- _Raw data_
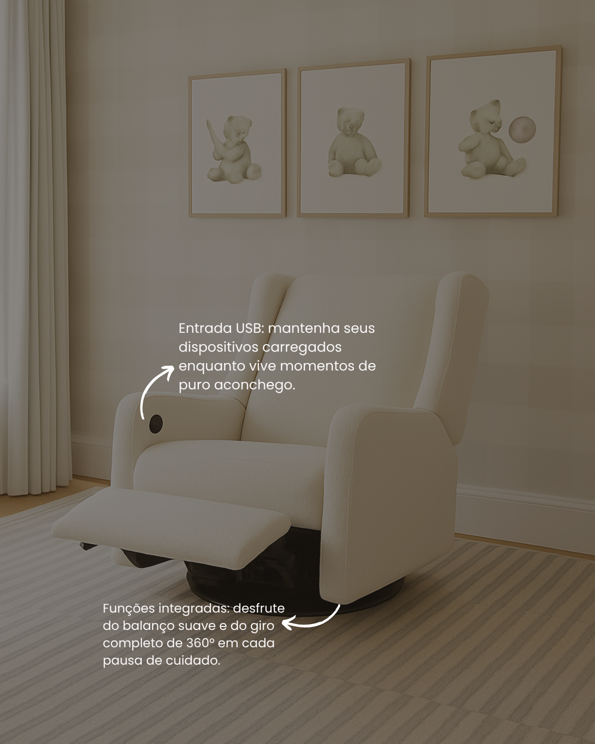 Suas funções integradas balanço deslizante americano, giro 360° e entrada USB facilitam a rotina e proporcionam praticidade ao dia a dia.
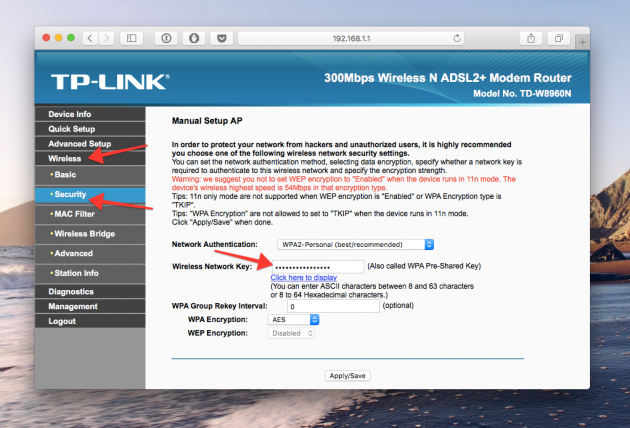 Если у вас есть доступ к веб-интерфейсу, то пароль роутера можно посмотреть там. Для этого надо перейти в браузере по адресу 192.168.0.1 (или 192.168.1.1) и ввести логин и пароль. Структура меню у каждого производителя отличается, но суть в том, чтобы найти раздел Wireless Network, в котором есть пункт Security с опциями защиты. В нём и содержится наш ключ, то есть пароль беспроводной сети.
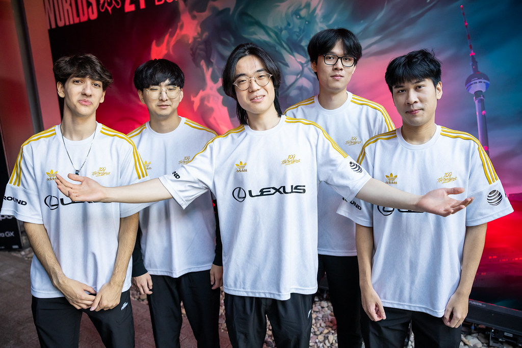 Ce qui distingue 100 Thieves est la jeunesse de son effectif. Avec une moyenne d'âge de 21,8 ans, l'équipe figure parmi les plus jeunes du tournoi. Le toplaner Sniper, à seulement 17 ans, est le plus jeune joueur des Worlds 2024, tandis que Quid, le midlaner, n'a que 20 ans. Il est également à noter qu'à l'exception de River, le jungler vétéran passé notamment par PSG, Dignitas et Golden Guardians, aucun des autres membres de l'équipe n'avait d'expérience sur la scène internationale avant ces Worlds.

- _Task requirements_
Print exactly what appears from the first line of the listing above down to the line containing "Если у вас есть", inclusive, and leave out all pictures.

- _Response below_
 Suas funções integradas balanço deslizante americano, giro 360° e entrada USB facilitam a rotina e proporcionam praticidade ao dia a dia.
 Если у вас есть доступ к веб-интерфейсу, то пароль роутера можно посмотреть там. Для этого надо перейти в браузере по адресу 192.168.0.1 (или 192.168.1.1) и ввести логин и пароль. Структура меню у каждого производителя отличается, но суть в том, чтобы найти раздел Wireless Network, в котором есть пункт Security с опциями защиты. В нём и содержится наш ключ, то есть пароль беспроводной сети.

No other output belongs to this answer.